---------- Collected material

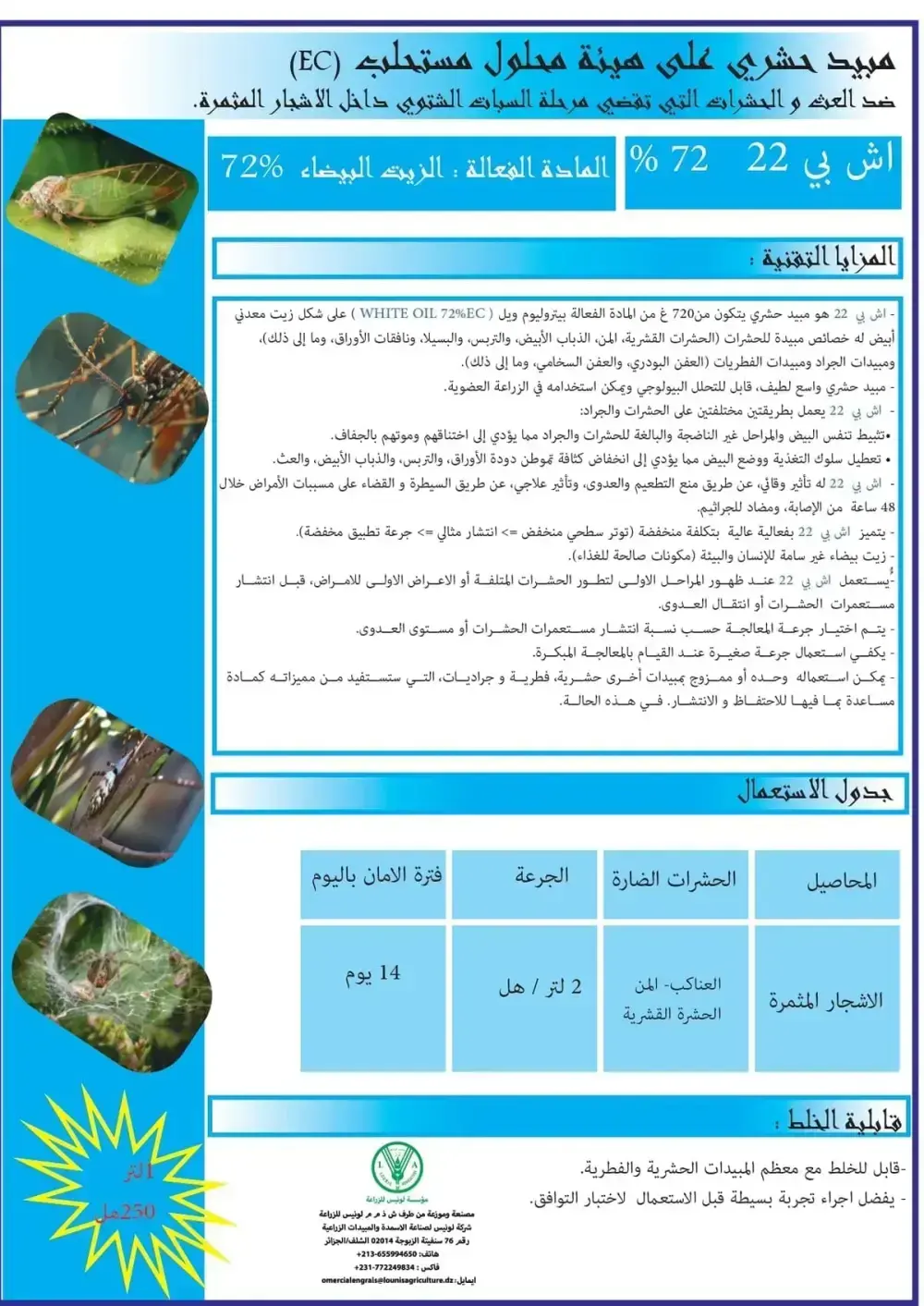 مبيد طبيعي واسع الطيف (حشري وفطري) مركب من زيت معدني أبيض. قابل للتحلل البيولوجي وصالح للاستخدام العضوي كعلاج وقائي ومادة مقضية للأطوار الشتوية للحشرات.
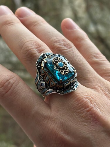 men silver ring sterling silver 925 ring with london blue topaz solid silver
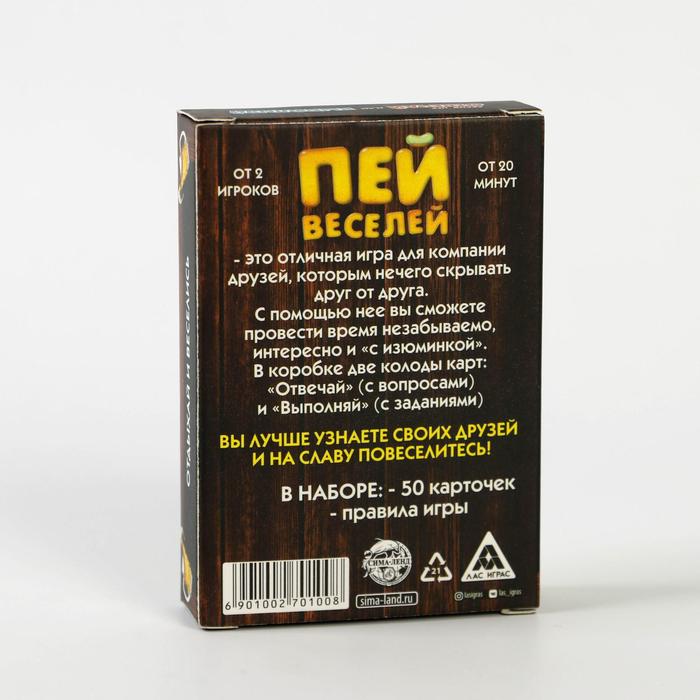 Купить игра для компании "пей веселей" 50 карт от 180 руб. с доставкой до пункта выдачи в Кубинке. Интернет магазин ДекаМаркет. Оплата при получении.

--------------------

Restate the listing word for word. Pictures do not belong in the copy.

> [Task result]
 مبيد طبيعي واسع الطيف (حشري وفطري) مركب من زيت معدني أبيض. قابل للتحلل البيولوجي وصالح للاستخدام العضوي كعلاج وقائي ومادة مقضية للأطوار الشتوية للحشرات.
 men silver ring sterling silver 925 ring with london blue topaz solid silver
 Купить игра для компании "пей веселей" 50 карт от 180 руб. с доставкой до пункта выдачи в Кубинке. Интернет магазин ДекаМаркет. Оплата при получении.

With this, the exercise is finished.